Vitruvius on Architecture
   

In the mid-20s B.C. an aged Roman architect named Marcus Vitruvius Pollio wrote down everything he knew about architecture on ten scrolls. He presented the work to the emperor Augustus, hoping to change what he perceived as a rampant lack of professionalism and educational rigor in the practice of architecture. Vitruvius sought to revive the architectural rules and ideals of the antiqui, or ancients, the Hellenistic builders of monumental Ionic temples on the southwestern coast of present-day Turkey. By synthesizing the Greek treatises they wrote between 350 and 100 B.C. and adding lessons from personal experience, Vitruvius created the most comprehensive architectural text written in antiquity and the only such text to survive.
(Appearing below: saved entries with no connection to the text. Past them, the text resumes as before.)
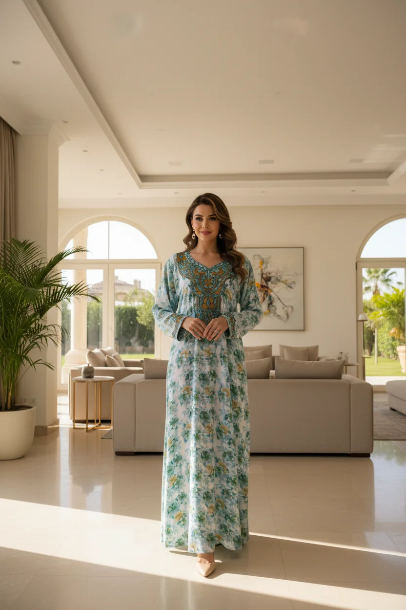 Step into a feminine ready-to-wear look with this high-quality tailored mukhawar in Indonesian silk, featuring an elegant standard design with adjustable side ties that allow you to define the waist easily and enhance your silhouette gracefully.
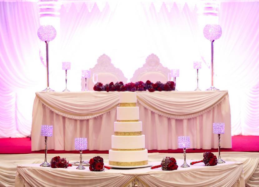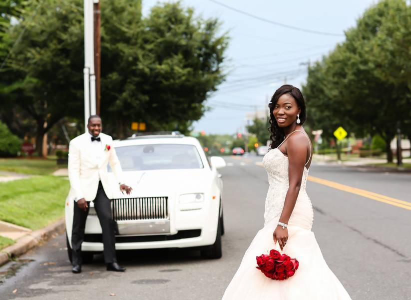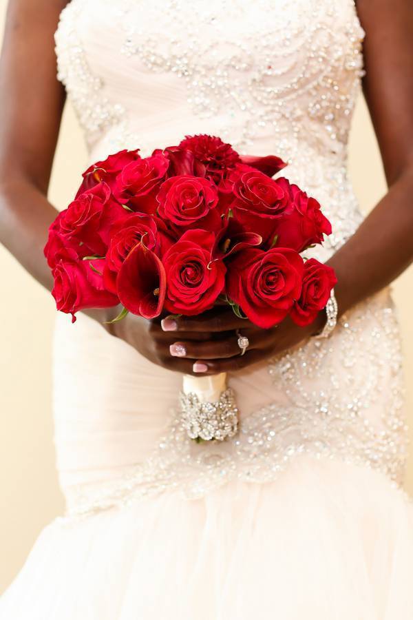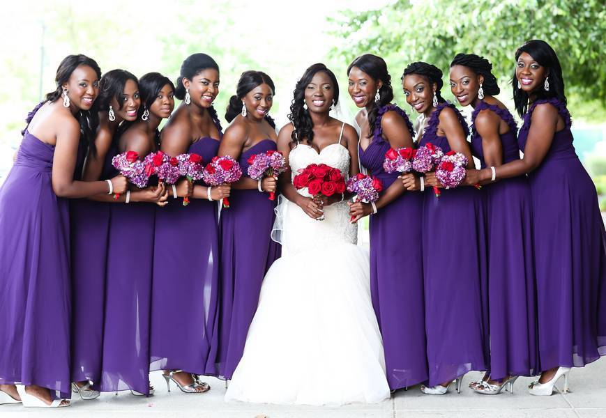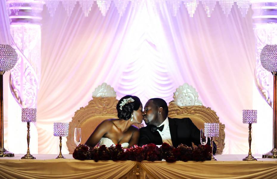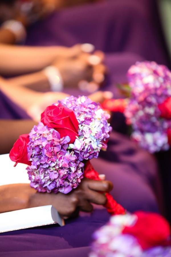 We knew we wanted big Royal wedding so the perfect place to have it would be a Palace. We worked with our planner, Emma Pierre-Louis of Prestige Affairs Events, to coordinate all the logistics from the color palette consisting of royal purples and rich reds, which were seen throughout the flowers (roses and hydrangeas) and bridal party attire (red and purple chiffon one strap dresses) to our décor with ornate touches (our head table with Royal Seating, an Elaborate backdrop, and Crystal Candelabras ) to resemble the decor of the Palace.
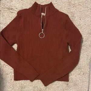 Stylish rust-colored ribbed sweater with a half-zip design and ring pull.
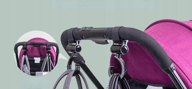 - Двойной крючок позволяет носить с собой сумочку или сумку для подгузников.

Today it is the most complete and authentic source we have for cataloguing the elements, proportioning systems, and ideas underlying the classical architectural systems.

I hope that this edition of five of Vitruvius's original ten books will provide practitioners with renewed access to the ancient author. Although materials and methods of construction have changed, the core concerns of the profession remain unaltered. Vitruvius’s recommendations are still germane to solving problems of strength, function, and beauty in modern circumstances.

Although Vitruvius cites ten illustrations he made to elucidate his manuscript, his drawings were lost in antiquity. In the fifty editions of Vitruvius published since 1500 the legacy of visual interpretation of what Vitruvius wrote has been rich and provocative. Vitruvius has often been used as a vehicle to promote new visions of classicism. This new edition is intended for practical application. I have provided illustrations to convey my conception of what Vitruvius can teach us and have produced new drawings to explain how his practical and theoretical systems function.